Sharpee Goes Through Changes
Even though the platform has been stable for a couple of months, it has shown gaps as I work on stories and extended use cases.
One of those use cases was inspired by an intfiction.org thread which asked about multi-user play where two or more people could play a game together, including sharing the command line.
So I started working on a multi-user version of the browser client for Sharpee. I actually had it working, but it was flakey. Claude implemented the design (and I allowed for it) using Web Sockets. As a side note, this actually exposed a pretty bad gap with SAVE/RESTORE which had to get repaired.
Anyway, the web socket implementation was just not working as expected and I designed a true client-server version using my old fyrevm channel-io concepts. However, this wasn't a smooth transition from the existing text-service package and I made the decision to completely replace text-service with a new channel-service.

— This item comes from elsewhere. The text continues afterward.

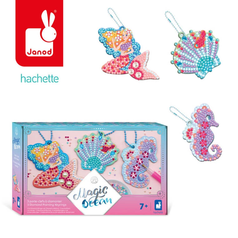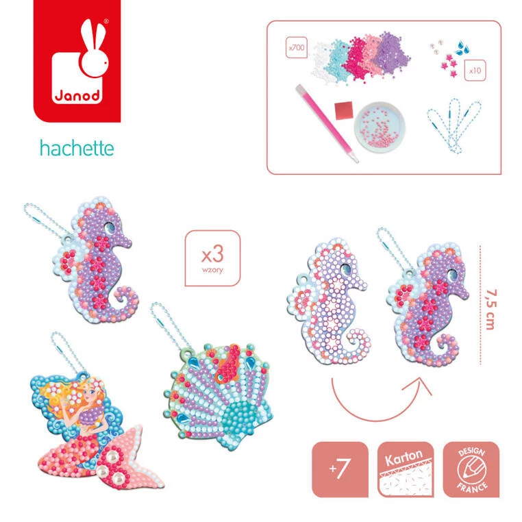 Janod Zestaw kreatywny do tworzenia breloczków Malowanie diamentami Magiczny ocean 7+

This was a major change to the platform and required reworking the event processor, sound, and how text is constructed for output. Initially the channel service was working, but there were still things dependent on the text-service, so I had to make two more passes to remove text-service entirely.
Then I had some ideas about my mystery story The Alderman about eavesdropping and that exposed more missing pieces from channel-service. That work is now complete and channel-service controls all client emissions.
I also made the decision to drop the current interpreter+game file design called Zifmia and will use that name for the new multi-user browser implementation. The interpreter will just be Sharpee Interpreter.
The channel-service works exactly like fyrevm's version including allowing authors the ability to create dynamic channels with their own defined content and content type (text, number, json).
Any Sharpee client can implement the full set of channels or ignore things like sound and images.
The opening turn in Dungeon shows its channel manifest:

And the channel output...

One thing that I'd ignored throughout the development of Sharpee were text-decorations. That is now also implemented so authors can use every text styling available in a browser (works in a terminal window too).